*What is required*
The answer should hold every line of the listing, unchanged and free of images.

*Information supplied*
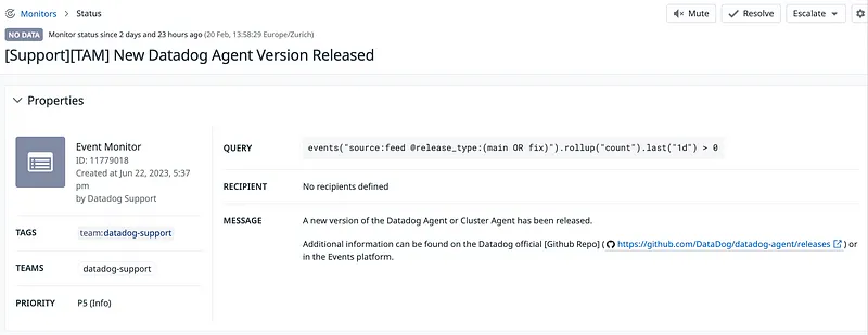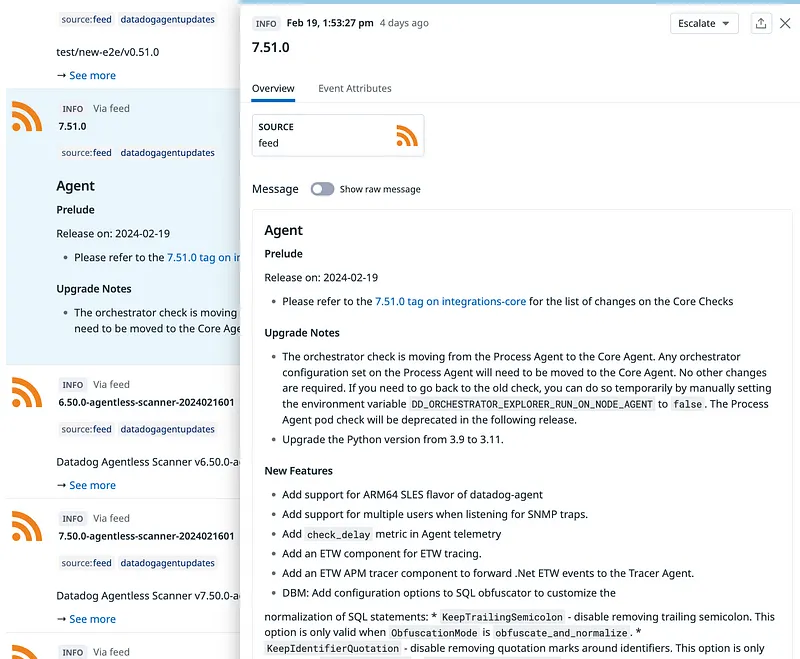 To illustrate, let’s explore how to leverage the event platform for sending notifications on new Datadog agent updates. Getting some events in the platform is the initial step. While native integrations like Kubernetes provide many events, custom events can also be submitted through scripts or emails.
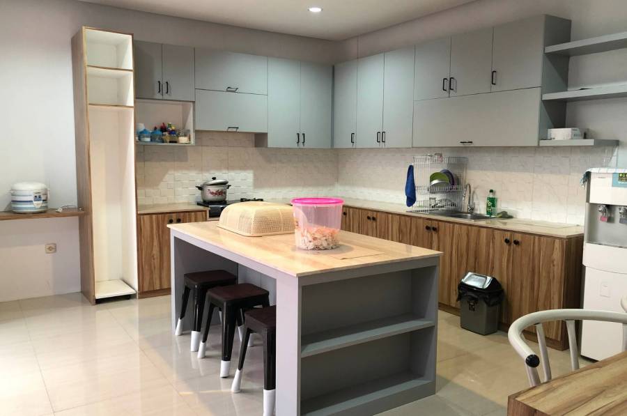 – Dapur dengan kulkas, dispenser, alat masak dan meja makan
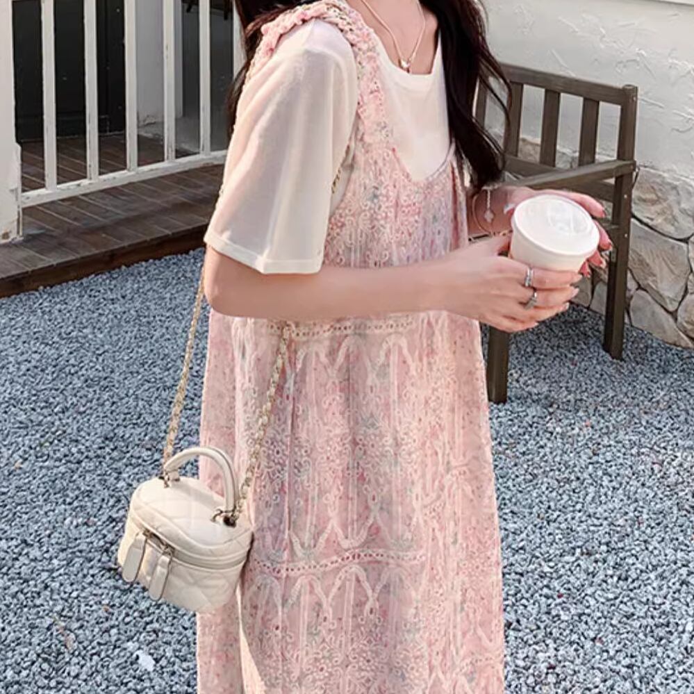 レディース ジャンパースカート ロング丈 ガーリー S M L ピンク AS11247

*Exercise output*
 To illustrate, let’s explore how to leverage the event platform for sending notifications on new Datadog agent updates. Getting some events in the platform is the initial step. While native integrations like Kubernetes provide many events, custom events can also be submitted through scripts or emails.
 – Dapur dengan kulkas, dispenser, alat masak dan meja makan
 レディース ジャンパースカート ロング丈 ガーリー S M L ピンク AS11247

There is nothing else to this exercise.